Task instructions: Filter the records, keeping every line that has the string "with".

Data for analysis:
Segment Open

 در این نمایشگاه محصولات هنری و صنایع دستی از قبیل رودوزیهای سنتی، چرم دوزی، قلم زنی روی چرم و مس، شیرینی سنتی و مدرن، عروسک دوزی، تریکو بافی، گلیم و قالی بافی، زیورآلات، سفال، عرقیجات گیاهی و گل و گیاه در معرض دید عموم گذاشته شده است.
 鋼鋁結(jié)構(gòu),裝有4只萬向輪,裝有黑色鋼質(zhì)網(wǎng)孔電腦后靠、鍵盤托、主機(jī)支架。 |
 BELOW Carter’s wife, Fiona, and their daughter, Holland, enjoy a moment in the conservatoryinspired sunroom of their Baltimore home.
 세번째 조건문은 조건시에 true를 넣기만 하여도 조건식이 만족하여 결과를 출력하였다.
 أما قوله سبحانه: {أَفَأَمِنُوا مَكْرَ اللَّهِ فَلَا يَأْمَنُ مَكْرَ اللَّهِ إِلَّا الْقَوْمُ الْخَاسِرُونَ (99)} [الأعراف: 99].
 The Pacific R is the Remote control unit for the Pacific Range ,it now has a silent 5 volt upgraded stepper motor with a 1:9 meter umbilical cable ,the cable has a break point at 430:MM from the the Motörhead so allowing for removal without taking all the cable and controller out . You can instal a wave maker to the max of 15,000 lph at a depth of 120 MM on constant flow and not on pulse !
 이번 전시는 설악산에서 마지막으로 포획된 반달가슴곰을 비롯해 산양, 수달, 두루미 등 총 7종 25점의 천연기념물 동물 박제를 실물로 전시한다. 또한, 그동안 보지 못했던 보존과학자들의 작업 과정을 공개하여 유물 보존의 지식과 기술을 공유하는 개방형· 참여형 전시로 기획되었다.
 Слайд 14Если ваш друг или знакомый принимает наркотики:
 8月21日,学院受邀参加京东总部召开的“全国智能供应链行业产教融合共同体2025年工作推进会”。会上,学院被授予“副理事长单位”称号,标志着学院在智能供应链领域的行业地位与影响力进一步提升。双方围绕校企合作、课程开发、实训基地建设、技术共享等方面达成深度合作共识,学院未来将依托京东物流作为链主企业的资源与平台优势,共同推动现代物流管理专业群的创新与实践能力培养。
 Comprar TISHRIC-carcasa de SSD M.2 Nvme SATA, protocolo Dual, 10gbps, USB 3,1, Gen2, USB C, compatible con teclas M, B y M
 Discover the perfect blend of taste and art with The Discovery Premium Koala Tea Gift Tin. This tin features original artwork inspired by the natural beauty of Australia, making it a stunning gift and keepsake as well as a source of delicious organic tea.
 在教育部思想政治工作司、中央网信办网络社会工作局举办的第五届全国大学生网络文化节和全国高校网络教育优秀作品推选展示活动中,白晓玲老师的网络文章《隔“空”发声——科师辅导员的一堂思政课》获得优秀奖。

Segment Closed

Solution to this task:
 The Pacific R is the Remote control unit for the Pacific Range ,it now has a silent 5 volt upgraded stepper motor with a 1:9 meter umbilical cable ,the cable has a break point at 430:MM from the the Motörhead so allowing for removal without taking all the cable and controller out . You can instal a wave maker to the max of 15,000 lph at a depth of 120 MM on constant flow and not on pulse !
 Discover the perfect blend of taste and art with The Discovery Premium Koala Tea Gift Tin. This tin features original artwork inspired by the natural beauty of Australia, making it a stunning gift and keepsake as well as a source of delicious organic tea.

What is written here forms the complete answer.